This energy transportation company was the financial headline du jour on Monday, August 11. The company is really a “family” of companies all under the oversight of Richard Kinder who once was CFO at Enron, which became a House of Fraud after his departure. Over the past 18 years he has overseen the growth of his company from a handful of natural gas pipelines to what is now the third largest energy company in the world. We have invested our clients capital in one or more of the Kinder Morgan entities since early 2004, enjoying average annual returns in the double digits with steadily rising dividends all along the way.

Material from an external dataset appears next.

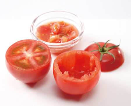 トマトの上部1/4をカットして、中身をスプーンでくり抜いておく(あまり中身を取り除きすぎないのがポイント)。カットした部分はヘタを除き粗みじんにし、くり抜いた中身と合わせてとっておく。

While admiring the drive, skill and transparency of Kinder’s management, like some others, I’ve been concerned with the company’s deteriorating returns on equity and its relatively sub par performance during the run up in prices for energy master limited partnerships of the past two or three years. Apparently Mr. Kinder was keenly aware of this issue.
Last weekend the company announced a restructuring that will roll the three subsidiary companies into the parent Kinder Morgan Incorporated (KMI). This is to be accomplished through a tender in which KMI plans to offer premium prices for the shares of Kinder Morgan, LP (KMP) and Kinder Morgan LLC (KMR) by paying a substantial premium to the current share prices. Both issues responded with sharp quotation increases on August 11, 2014. KMP was up 17% and KMR (widely held in Trusted Financial managed client accounts)* up 23%. Although KMI will be taking on additional debt to finance the measure, it too rose, an apparent vote of confidence by the market and, most likely, because management has promised to increase the dividend next year about 14%.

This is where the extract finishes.